Michigan lawmakers may soon be considering whether to approve a increase in the state’s gasoline and diesel tax. On Tuesday, Pam Byrnes, (D-Chelsea) and Richard Ball (R-Bennington Twp) introduced a three bill package targeting the fuel tax.
Here’s how Peter Luke at MLive.com described the proposal:
Michigan’s per-gallon gas tax would jump from 19 cents to 23 cents this year, and then to 27 cents in 2013, under a measure that seeks to avoid the loss of more than $2 billion in federal highway aid for state and local roads over the next five years.
It also increases the tax rate in diesel fuel from 15 cents a gallon to 21 cents initially and then to 27 cents, also in 2013.
The announcement was the point of an action alert by the County Road Association of Michigan.
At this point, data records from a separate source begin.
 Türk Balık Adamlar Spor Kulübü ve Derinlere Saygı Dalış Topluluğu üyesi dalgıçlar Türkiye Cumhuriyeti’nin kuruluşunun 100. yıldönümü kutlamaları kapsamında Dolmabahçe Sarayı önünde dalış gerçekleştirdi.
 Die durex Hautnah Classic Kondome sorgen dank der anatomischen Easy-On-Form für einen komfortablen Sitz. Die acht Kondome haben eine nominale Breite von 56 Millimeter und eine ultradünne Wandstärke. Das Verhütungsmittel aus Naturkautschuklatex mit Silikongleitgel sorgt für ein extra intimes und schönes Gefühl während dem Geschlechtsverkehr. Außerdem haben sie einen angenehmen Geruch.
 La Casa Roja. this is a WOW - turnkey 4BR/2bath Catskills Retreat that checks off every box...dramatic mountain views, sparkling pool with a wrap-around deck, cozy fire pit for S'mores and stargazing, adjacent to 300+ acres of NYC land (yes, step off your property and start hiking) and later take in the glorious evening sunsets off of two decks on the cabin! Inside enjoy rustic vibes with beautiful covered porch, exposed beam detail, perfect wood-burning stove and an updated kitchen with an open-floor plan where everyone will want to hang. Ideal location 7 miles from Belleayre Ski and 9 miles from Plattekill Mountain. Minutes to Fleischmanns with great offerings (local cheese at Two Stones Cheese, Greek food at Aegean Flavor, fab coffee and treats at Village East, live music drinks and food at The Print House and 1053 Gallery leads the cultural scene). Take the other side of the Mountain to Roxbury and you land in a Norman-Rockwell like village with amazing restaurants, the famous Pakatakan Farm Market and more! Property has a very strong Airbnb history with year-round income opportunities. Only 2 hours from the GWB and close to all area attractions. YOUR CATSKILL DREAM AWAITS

From their Wednesday alert, here’s how they describe the bills:
House Bill 5768 – Amends the Motor fuel tax act which contains both the gasoline tax and the diesel fuel tax paid by passenger vehicles;
· Increases the gasoline tax by $.04 cents per gallon (.19 to .23) effective March 1, 2010;
· Increases the gasoline tax by $.04 cents per gallon (.23 to .27) effective January 1, 2013;
· Increases the diesel fuel tax by $.06 cents per gallon (.15 to .21) effective March 1, 2010;
· Increases the diesel fuel tax by $.06 cents per gallon (.21 to .27) effective January 1, 2013; and
· Removes language creating ethanol and bio-diesel tax credits.
House Bill 5769 – Amends the Motor carrier fuel tax act which regulates commercial vehicles;
· Increases the diesel fuel tax by $.06 cents per gallon (.15 to .21) effective March 1, 2010; and
· Increases the diesel fuel tax by $.06 cents per gallon (.21 to .27) effective January 1, 2013.
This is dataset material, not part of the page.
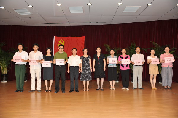 接下来由院领导给“庆七一党的知识竞赛”获奖党总支颁奖,并要求全体党员自觉学习党的基本理论知识和国家政策、法律法规,争做学习的模范。最后,大会在庄严肃穆的国际歌乐曲声中结束。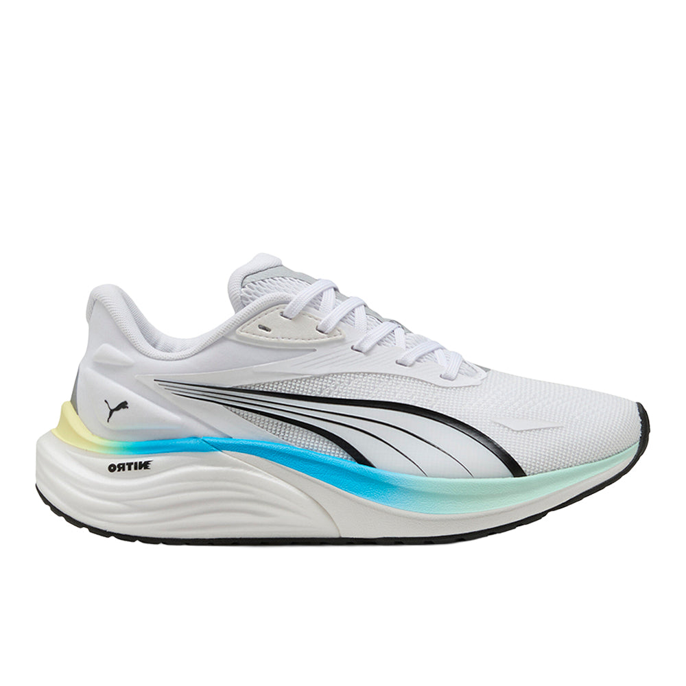 Electrify NITRO 4 for women seamlessly blends NITROFOAM and PROFOAMLITE for a responsive ride with cushioning. With a breathable mesh upper and PuthtmaGRIP rubber for unbeatable traction, these running shoes for women are designed to propel you forward, mile after mile.

House Bill 5770 – Amends Public Act 51 of 1951;
· Creates the Transportation Investment Fund establishing the method for distribution of the new funding as follows:
· 10 percent off the top to Comprehensive Transportation Fund;
· Remaining revenues are dedicated to a newly formed Transportation Investment Fund within the Michigan Transportation Fund (MTF) and distributed according to the current formula (39.1 percent to counties);
· The purpose of the Transportation Investment Fund is to ensure the new funds are not subject to diversions. The legislation states that collection expenses must be paid from other MTF revenues.
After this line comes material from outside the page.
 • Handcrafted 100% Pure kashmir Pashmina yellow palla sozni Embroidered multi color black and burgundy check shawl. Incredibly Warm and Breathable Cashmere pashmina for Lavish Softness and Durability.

· MDOT will be required to annually compile a complete written accounting of all disbursements from the Transportation Investment Fund. This would be reported to the legislation within 30 days of the end of the fiscal year;
· Creates a five-member Fuel Tax Restructuring Commission to study and recommend long term replacements to the current fuel tax structure.
Former state Rep. Jack Hoogendyk sent out a notice to his list of conservative activists. In his e-mail titled, “Here Comes Another Tax Hike, Led by a “Republican”!”, Hoogendyk opines:
This would place Michigan behind only Hawaii, New York and California in total fuel taxes. Do we need to spend money on improving roads? Perhaps, but why isn’t anyone in Lansing willing to look at the current tax structure and adjust it accordingly to provide the needed road funding. Why do we continue to spend large sums of money out of the transportation budget for public transportation that almost nobody uses? Why do we continue to pay inflated “prevailing wages” on road projects? Why are we not more demanding of better quality construction so that roads aren’t deteriorated before their life expectancy is up?
Um, really?
I did a quick survey of some of the state’s public transportation sites to find out how many “nobody’s” are using public transportation.
The Capitol Area Transportation Authority, the bus service in Lansing, reports 11.3 million rides in 2008, according to the most recent report (pdf) available. And the 2008 report for the Grand Rapids Area Transportation Authority reports in 2008 that business gave more than nine million rides.
The Michigan Department of Transportation has identified 99 urban and non-urban transportation authorities in Michigan.
Kinda hard to believe that 99 transportation authorities are sending buses out around the state for “nobody.”
But really, all this comes down, as Luke notes, to capturing federal cash for for our cash strapped MDOT to repair of pot hole riddled and decaying transportation infrastructure. Funding formulas from the feds require states to match cash (it varies based on the projects and requests the feds decide to fund). With the state facing over a billion dollars in deficit for the coming budget year, doesn’t it make some iota of sense to leverage state cash for federal cash?